Information entropy usually indicates the degree of uncertainty in information. If the information entropy of a parameter is small, the degree of variation in the parameter value is large. This parameter may contain more information and can play a more important role in the data analysis. Therefore, in the comprehensive evaluation, the weights of different parameters can be quantified by calculating entropy. In the traditional information entropy weight method, the information entropy weight of the jth parameter $w_i^0$ using parameter entropy can be calculated as follows [14]:

$$w_j^0=\frac{1-H_j}{{\displaystyle \sum _{j=1}^n\left(1-H_j\right)}}$$

(6)

where w¹ represents the weight index; this is calculated using Equation (8).

$$w_j^1=\frac{1+\overline{H}-H_j}{{\displaystyle \sum _{k=1,H_k\ne 1}^n(1+\overline{H}-H_k)}}$$

(7)

where $\overline{H}$ represents the average entropy value for each attribute not equal to 1.

3.3. Combinatorial Game Theory

The basic aim of game theory is to find the best result that considers both subjective and objective weights by adjusting the conflicts between different weights, thus achieving Nash equilibrium. Therefore, the comprehensive weight calculation flowchart of each factor is shown in Figure 2. This method not only reduces the subjective arbitrariness but also keeps the result close to the fact; this makes the weight values of indicators more reasonable [15].

The steps undertaken in combinatorial game theory with weighted assignments are as follows [16]:

(1)

The weights obtained by the exponential extension AHP and the weights determined by the improved entropy weight method are taken as the basic weights for calculation; then, the weight set obtained using the kth method is W_k = {w₁, w₂, …, w_n}(k = 1,2, …, n), where n is the number of evaluation indicators and L is the number of weight methods.

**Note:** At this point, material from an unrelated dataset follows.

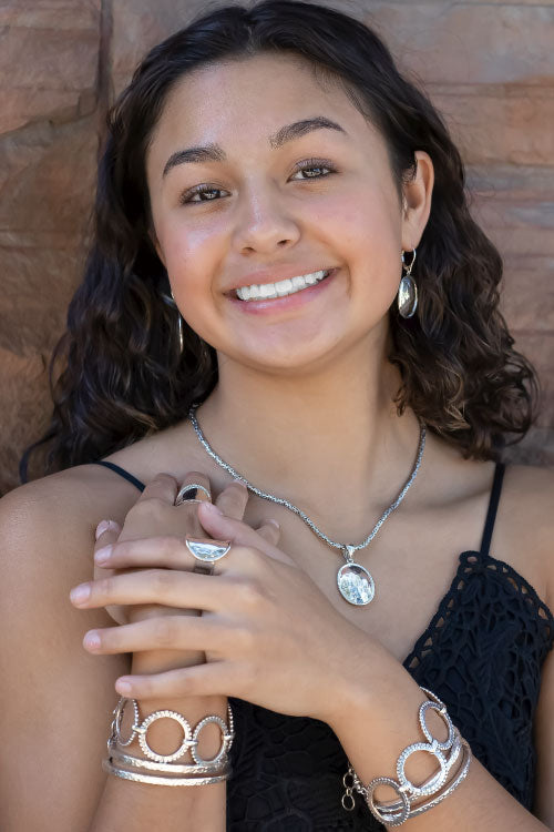 Indiri’s Dasa line features hand-hammered .925 sterling silver jewelry items. To create the...

Assuming that α = {α₁, α₂} is a linear combination coefficient, then any linear combination of these vectors is as follows:

$$W={\alpha }_1{W}_1^T+{\alpha }_2{W}_2^T$$

(8)

(2)

According to the Nash equilibrium theory in game theory, the two linear combination coefficients in Equation (8) are optimized to find the value that minimizes their shortcomings. In order to obtain the optimal value of weight W, the objective function can be determined as follows:

$$\min {‖{\displaystyle \sum _{k=1}^L{\alpha }_k{W}_k^T-W_k}‖}_2$$

(9)

(3)

According to the differential properties of the matrix, the optimal linear equations equivalent to Equation (9) can be obtained as follows:

$$\left[\begin{array}{cc}{W}_1{W}_1^T& W_1{W}_2^T\\ W_2{W}_1^T& W_2{W}_2^T\end{array}\right]\left[\begin{array}{c}{\alpha }_1\\ {\alpha }_2\end{array}\right]=\left[\begin{array}{c}{W}_1{W}_1^T\\ W_2{W}_2^T\end{array}\right]$$

(10)

(4)

The optimized combination coefficients α₁ and α₂ are calculated and normalized from Equation (11):

$$\left\{\begin{array}{c}{\alpha }_1^{*}={\alpha }_1/({\alpha }_1+{\alpha }_2)\\ {\alpha }_2^{*}={\alpha }_2/({\alpha }_1+{\alpha }_2)\end{array}\right.$$

(11)

(5)

Finally, the comprehensive weight W based on the combination of game theory is determined as follows:

$$W={\alpha }_1^{*}{W}^T+{\alpha }_2^{*}{W}^T$$

(12)

4. Multi-Level Evaluation Model Based on Cloud Theory

4.1. Basic Theory of Cloud Model

Cloud theory can effectively portray the randomness and uncertainty of various factors in the system, establish the interrelationship between qualitative concepts and quantitative values, and then reveal the intrinsic relationship between randomness and chaos in the system under study [17]. Therefore, this paper utilizes a cloud theory model to conduct a multi-level assessment of the EPS work performance.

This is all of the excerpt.